同社の事業は3つの柱で構成されています。イベント分野では野球場やゴルフ場での警備・運営業務、ビル分野では商業施設やオフィスビルでの警備・清掃業務、人財サポート分野では通信キャリアへの人材派遣やモバイル機器の販売支援を行っています。楽天モバイルの店舗運営では、取引開始時の1店舗から現在183店舗まで拡大するなど、専門性を活かした事業成長を実現しています。
経営方針
ヒトトヒトホールディングスは、「人が人間性を最大限に発揮できる機会を作り続ける」という経営方針の下、持続的な成長を追求しています。同社は成長性、収益性、健全性の3つの指標を設定し、売上収益の拡大、営業利益率の改善、のれんや有利子負債の健全化を経営目標としています。プロスポーツ市場の拡大やオフィスビル供給の増加といった市場環境を背景に、三井不動産グループのららぽーと展開や楽天モバイルの店舗拡大などの既存顧客からの需要増加にも対応していく方針です。

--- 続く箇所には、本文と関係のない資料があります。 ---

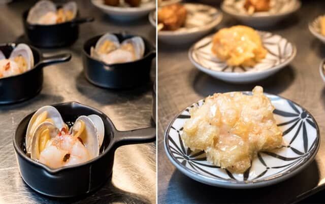 温かい料理は「おぼろ茶碗蒸し」や「エビとあさりのアヒージョ」、「鶏天」などホテルメイドのメニューが並びます。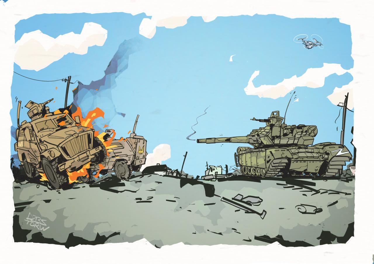 Экипаж показал высокий класс! Макаровка, Южно-Донецкое направление. Неожиданная встреча танка Т-80БВМ из 136-й ОМсБр с двумя вражескими бронемашинами MRAP. По итогам столкновения «миностойкие» и «засадозащищённые» дополнили утренний пейзаж.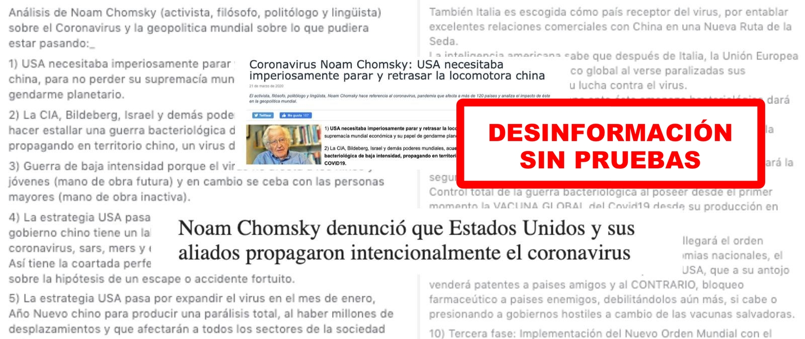 En una entrevista a Noam Chomsky publicada por el medio italiano Il Manifesto le atribuyen la cita "no hay credibilidad al afirmar que el virus se propagó deliberadamente", contraria a la cadena que ahora circula.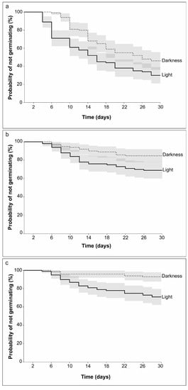 Kaplan–Meier survival curves of Frangula alnus seeds germinated in light and dark conditions at (a) 20 °C; (b) 24 °C; and (c) 28 °C (95% confidence intervals).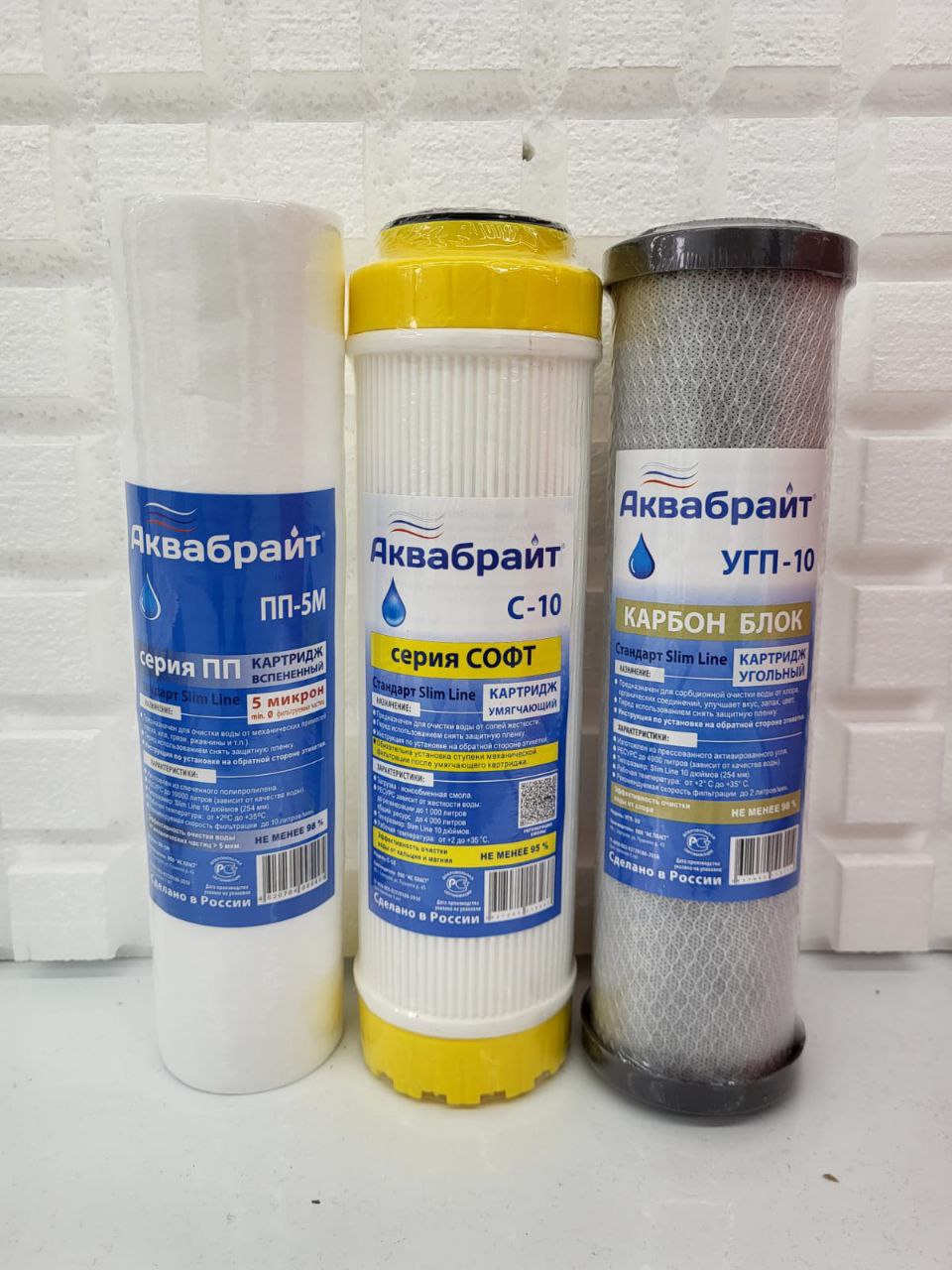 Комплект картриджей К-2 Умягчение для Триа 3 ступени (ПП-5М, УГП-10, С-10) Аквабрайт

同社の成長戦略の核となるのは、1万2千人を超えるアルバイト人財プールの活用です。毎年約10%の増加率で雇用者数を拡大しており、この豊富な人財ネットワークを通じて低コストでの採用を実現しています。プロスポーツや大型商業施設といった魅力的な職場環境を武器に、若手や女性を中心とした多様な人財の獲得を積極的に進めています。また、プロ野球のオフシーズンやイベント開催日以外に花火大会やコンサートなどの臨時業務を受託することで、スタッフの稼働率向上と収益拡大を図っています。

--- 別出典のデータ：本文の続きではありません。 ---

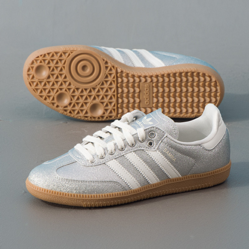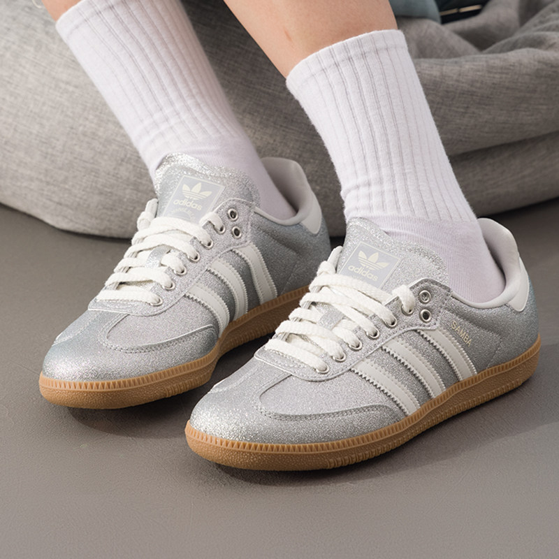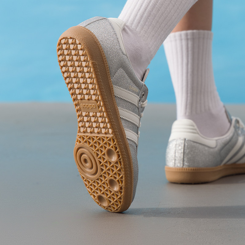 阿迪达斯三叶草女鞋春季新款SAMBA德训鞋银色时尚休闲鞋T头运动鞋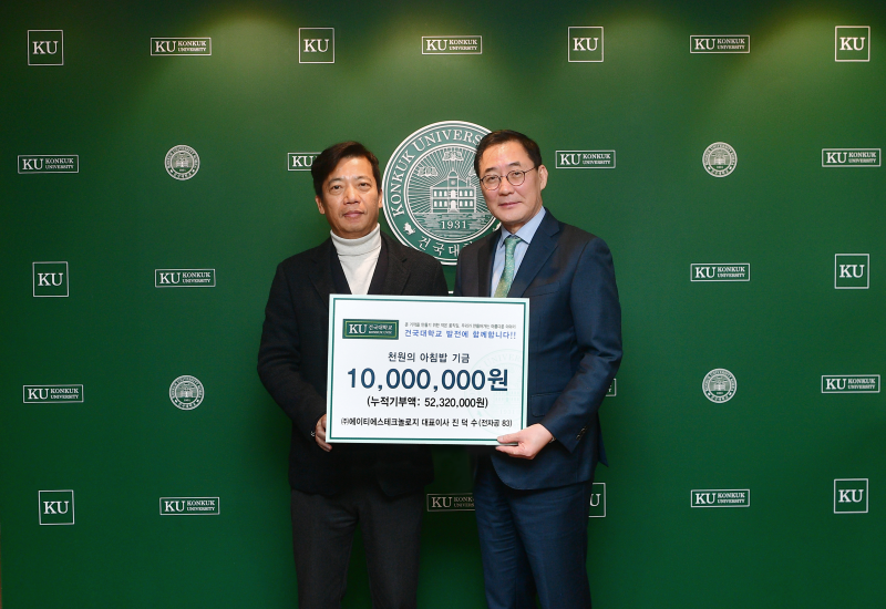 진덕수 대표는 “학생들이 든든하게 끼니를 챙길 수 있는 훌륭한 사업에 뜻을 보탤 수 있어 기쁘다”며, “앞으로도 꾸준히 건국대에 기부를 이어갈 계획이다”라고 기부 소감을 밝혔다.
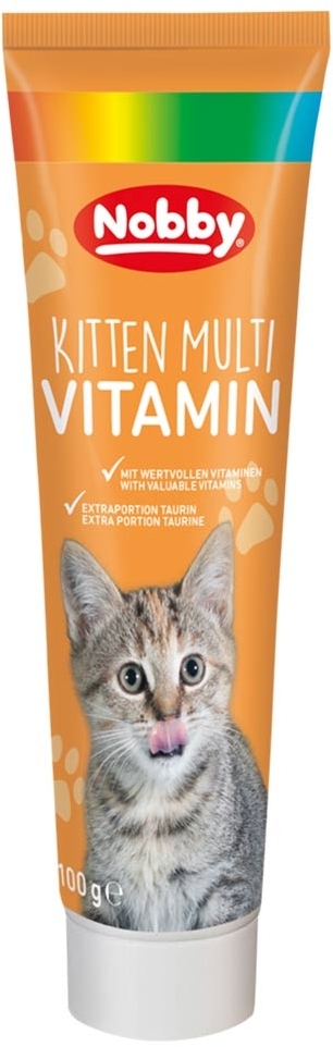 Doplněk stravy pro koťata Nobby Multivitamínová pasta v balení 100g Nobby Multivitamínová pasta s cenným taurinem a vitamíny je ideální jako každodenní doplněk stravy vaší kočky. Zajišťuje optimální přísun živin. optimální přísun živin - vitamínů a taurinu vhodné iv případě vitamínové...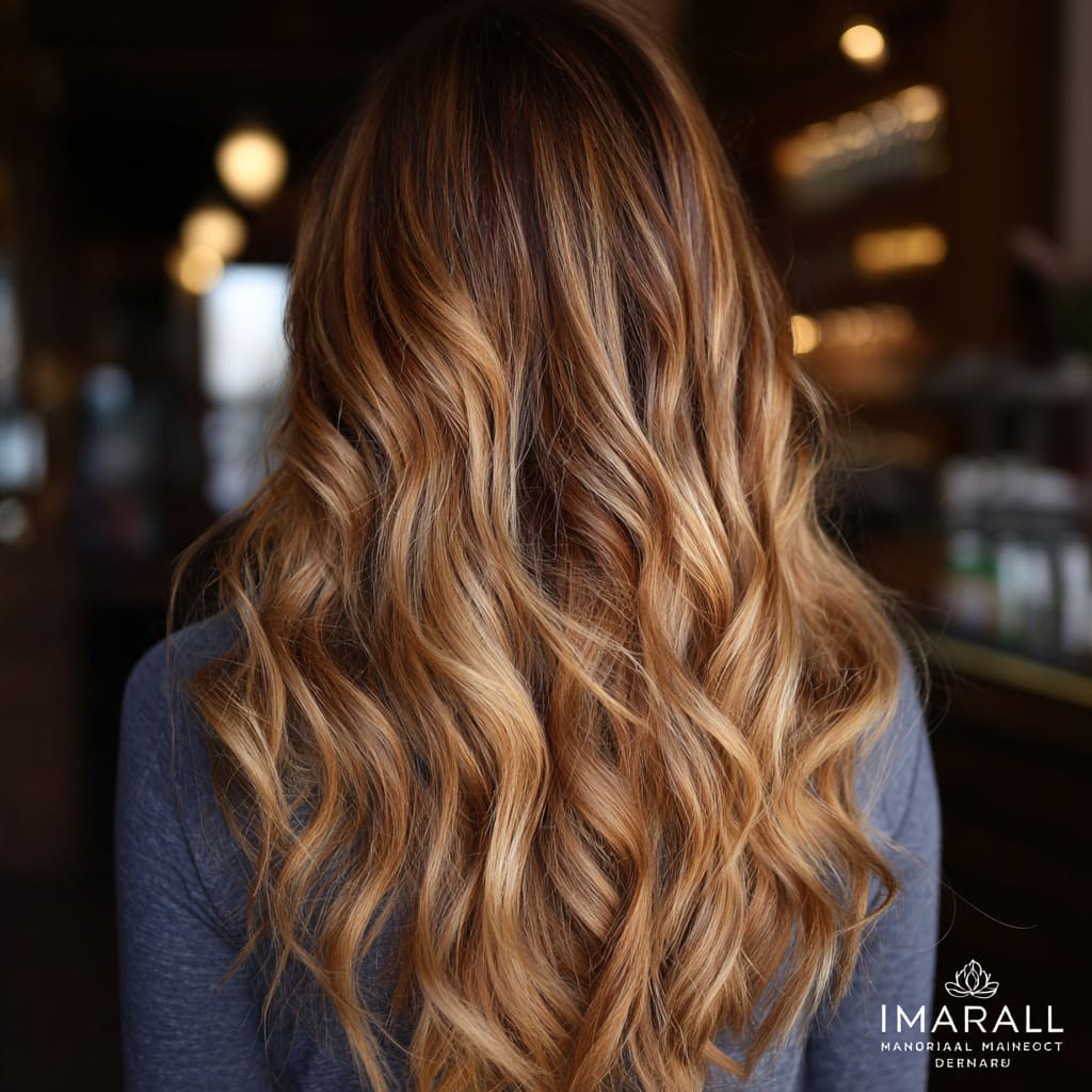 Balayage in caramel blonde warms up your hair while keeping things low-maintenance. The soft blend feels natural but polished, ideal for chilly days. Pair it with loose waves for that effortless “just stepped out of the café” vibe.

新市場開拓では、全国で計画されているスタジアム・アリーナ建設プロジェクトへの参入を重視しています。スポーツ庁の資料によると、全国でスタジアム34件、アリーナ45件の建設計画が進行中で、同社は既存のプロ野球場運営ノウハウを活かしてバスケットボールやラグビーなど新たなプロスポーツ分野への展開を目指しています。既存展開地域以外での事業拡大に向けて、イベント、ビル、人財サポートの各事業間での人事異動を通じた人財育成や、広告宣伝を活用した新規顧客開拓にも取り組んでいます。
技術革新への対応では、AIとディープラーニングを活用した警備システムの開発に注力しています。過去の天候データやインシデント履歴を分析し、最適な警備配置をタブレット経由で提案するシステムを構築することで、転倒事故や迷子などのトラブル抑制を図っています。機械警備の普及が進む中でも、接客対応や緊急時の機動的対応といった人的サービスの価値を重視し、最新技術と人的サービスを融合した新たな価値創出を推進しています。また、個人の習熟度に応じたAIベースのオンライン教育システムの導入も検討しており、効率的な人財育成を通じて事業拡大に対応していく計画です。